Reynolds American Inc. promoted a number of new smoke-free products that are striking the domestic market, attempts that should raise the cigarette company’s bottom line while also preserving consumers in the category.
The corporation’s new products, which consist of e-cigarettes and nicotine replacement therapy, are being released because Reynolds American deals with a challenging operating environment caused by dropping demand for regular cigarettes. Cigarette volumes have been decreasing for years, in part because of a weak economy and high unemployment that sets pressure on consumer disposable income.
Reynolds American has confronted greater challenges in current quarters than its main rivals Altria Group Inc. and Lorillard Inc.
Reynolds American, the No. 2 local cigarette maker after Altria, has revealed lower cigarette market share on a year-over-year basis for the previous six consecutive quarters.

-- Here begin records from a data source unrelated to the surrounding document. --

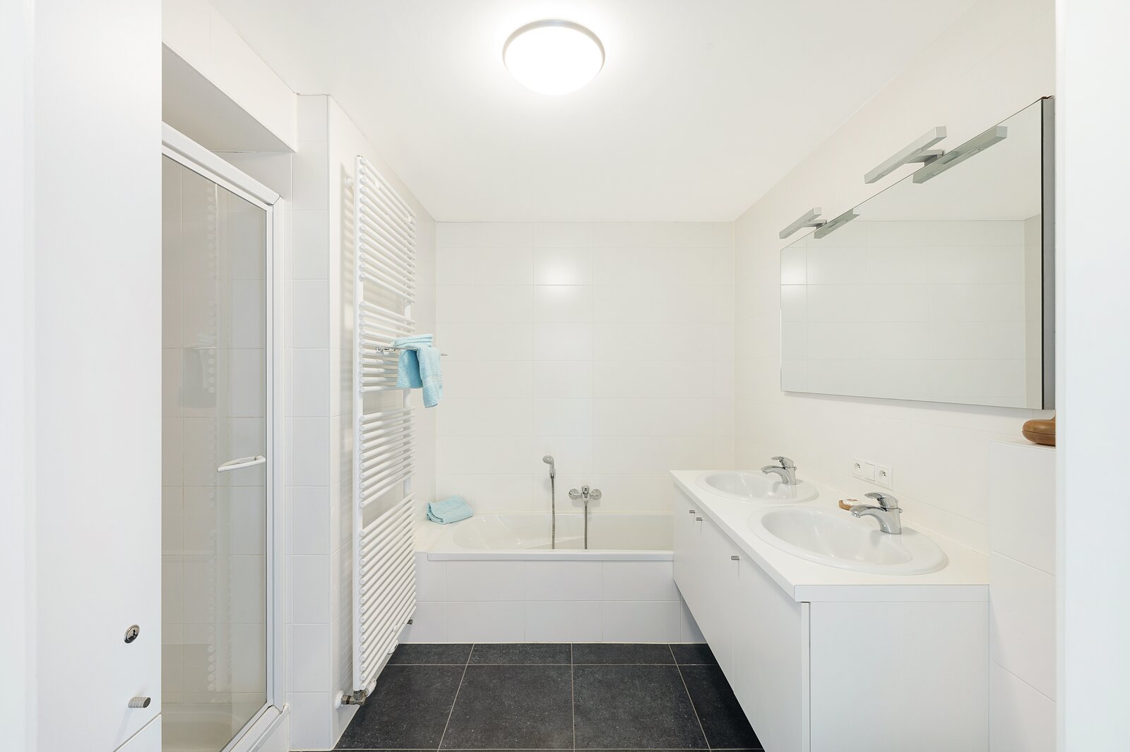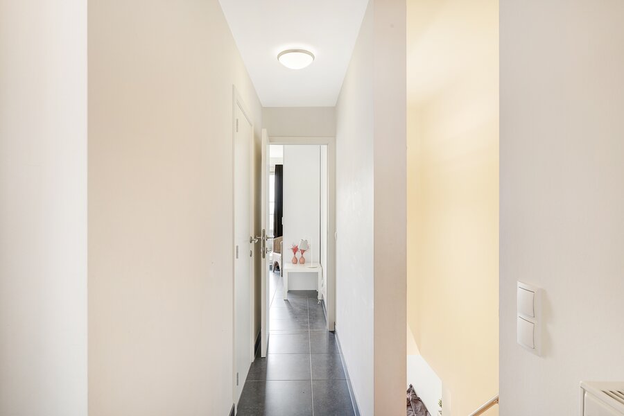Op de verdieping: 3 ruime slaapkamers, waarvan 1 met toegang tot het ruime zuidgerichte terras, een badkamer met ligbad, douche en dubbele wastafel, en nog een aparte douchekamer.
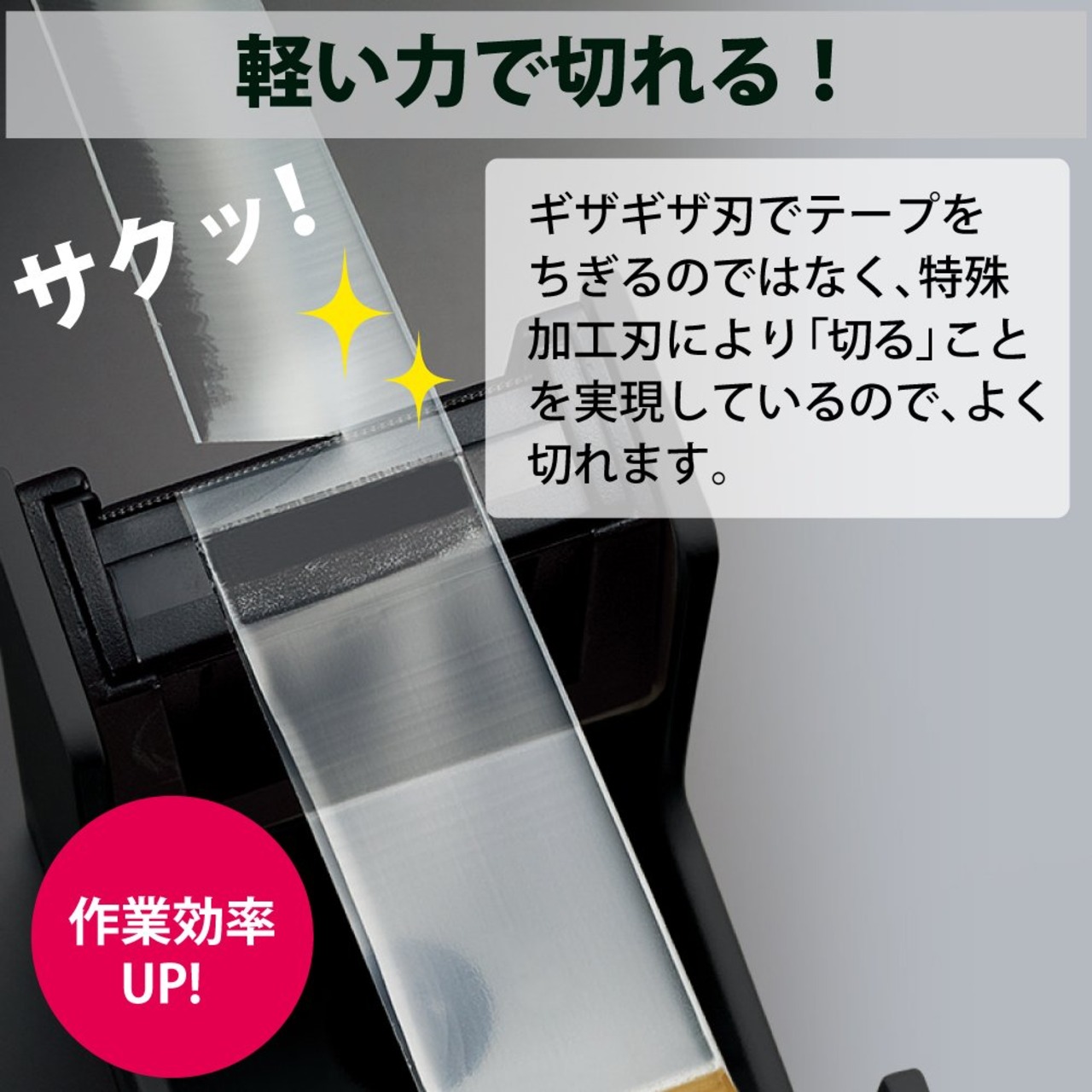 ●「カルカット」は、従来のギザギザ刃でテープをちぎるのではなく、カルカット独自の特殊加工刃に垂直にあたって「切る」を実現しているので、約1/2の軽い力でテープを切ることができます。(当社比)
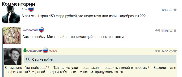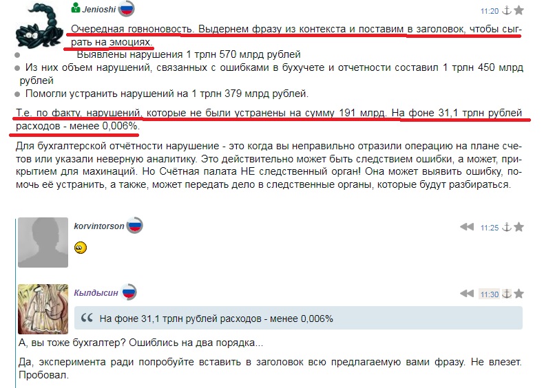 Объективности ради, отмечу: многие читатели восприняли всё вполне адекватно. Эта мулька с записыванием (в интернетах и досужих разговорах обывателей) совокупного объёма ошибок в гигантской бюджетной системе России в "воровство"- уже давно сияющая классика. И потому не все уже это "покупают". Счётная палата каждый год делает такой отчёт и оппозиция каждый раз по новому кругу, но по старой методи(ч)ке напускает туману и начинает усердно подмигивать в стиле "ну мы же понимаем...". От такого повтора одного и того же "прихвата" у многих граждан выработался иммунитет. Они понимают, что выявленные ошибки даже близко не обязаны быть "коррупцией", "воровством" и пр.
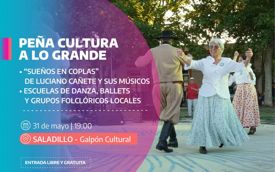En el marco de Cultura a lo Grande, el cantante Luciano Cañete y sus músicos se presentarán el viernes 31 de mayo en el Galpón Cultural de Saladillo desde las 19 horas en una jornada llena de folclore. La entrada es libre y gratuita.
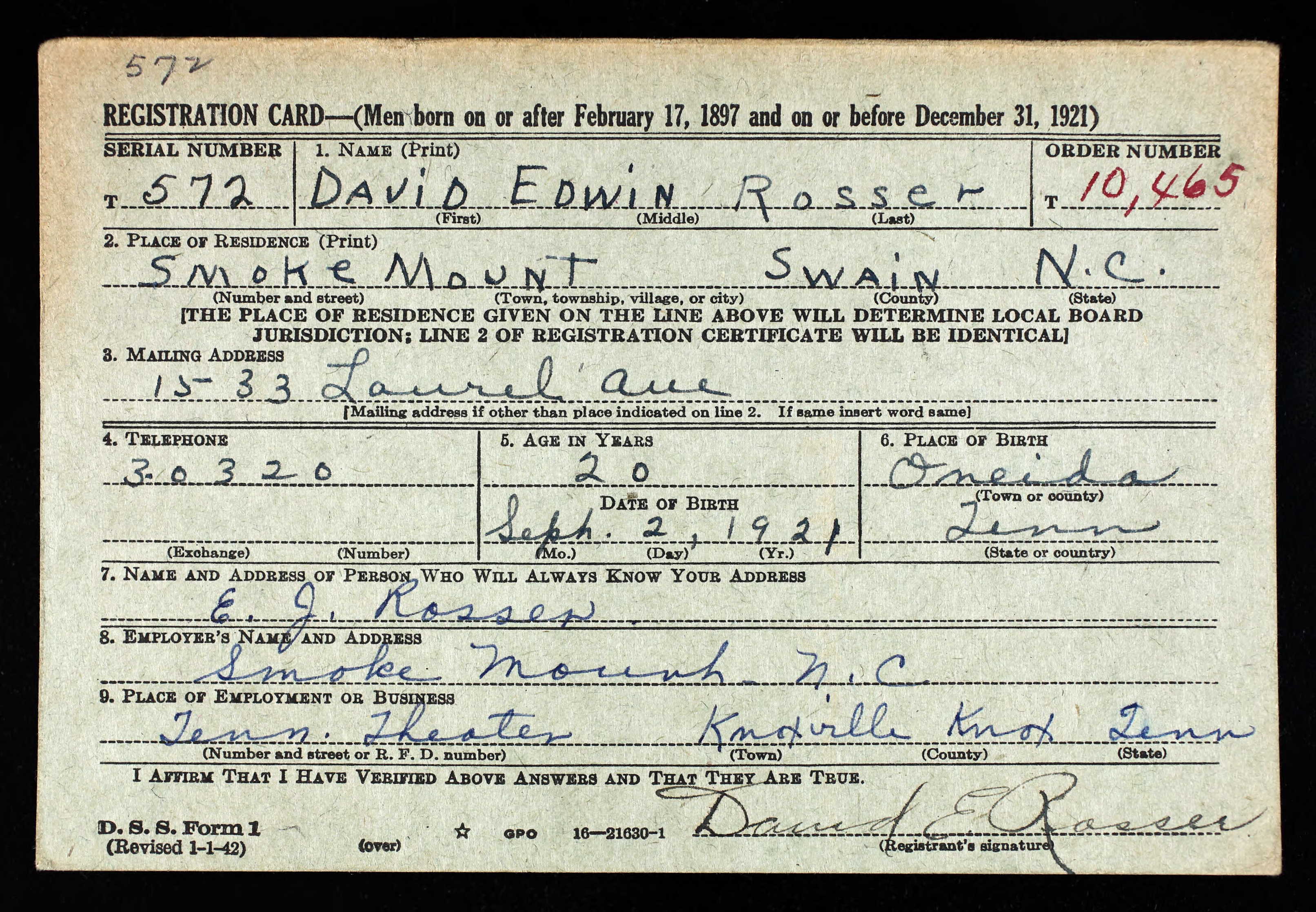David Edwin Rosser was born on 2 September 1921 in Oneida, Tennessee, the son of Edwin Jennings Rosser and Edna Madeline Smith.

Reynolds American increases profitability by cutting costs and boosting prices, but also sees a benefit to operating margin by releasing new products. President and Chief Executive Daniel Delen said cigarettes have the smallest operating margins of all products the firm markets.
Reynolds American is focusing on margins of at least 50 percent for the new products – above the 34 percent Reynolds American revealed overall in the third quarter.
Though 80 percent of tobacco consumers over the age of 21 know about e-cigarettes, Reynolds American said only 5.9 percent of those over the age of 18 have stated to use those products – already higher than stated usage of moist snuff and snus. That indicates there is a higher possibility more customers will try e-cigarettes.
Reynolds American is also dealing with the $1 billion nicotine replacement therapy market, which is led by Johnson & Johnson’s Nicorette brand and private label products. Reynolds American said those products, which are marketed in big amounts of 100 or 200 per pack, are usually offered in drug stores.
Reynolds American entered the market with a limited launch in Iowa. The firm’s product is called Zonnic, a gum with a mint taste that is marketed in 10-count packages, enabling for a more affordable price. Zonnic is mainly marketed at convenience stores and gas stations. The price for a pack is similar to premium-priced cigarettes.
Investors and experts have fretted about the strength of the profits domestic cigarette companies can produce among raised price promotions as tobacco companies fight to win or defend market share. Mr. Delen assured experts the industry’s about $14 billion earnings pool is strong because products like moist snuff and snus can rise to help balance declines for regular cigarettes.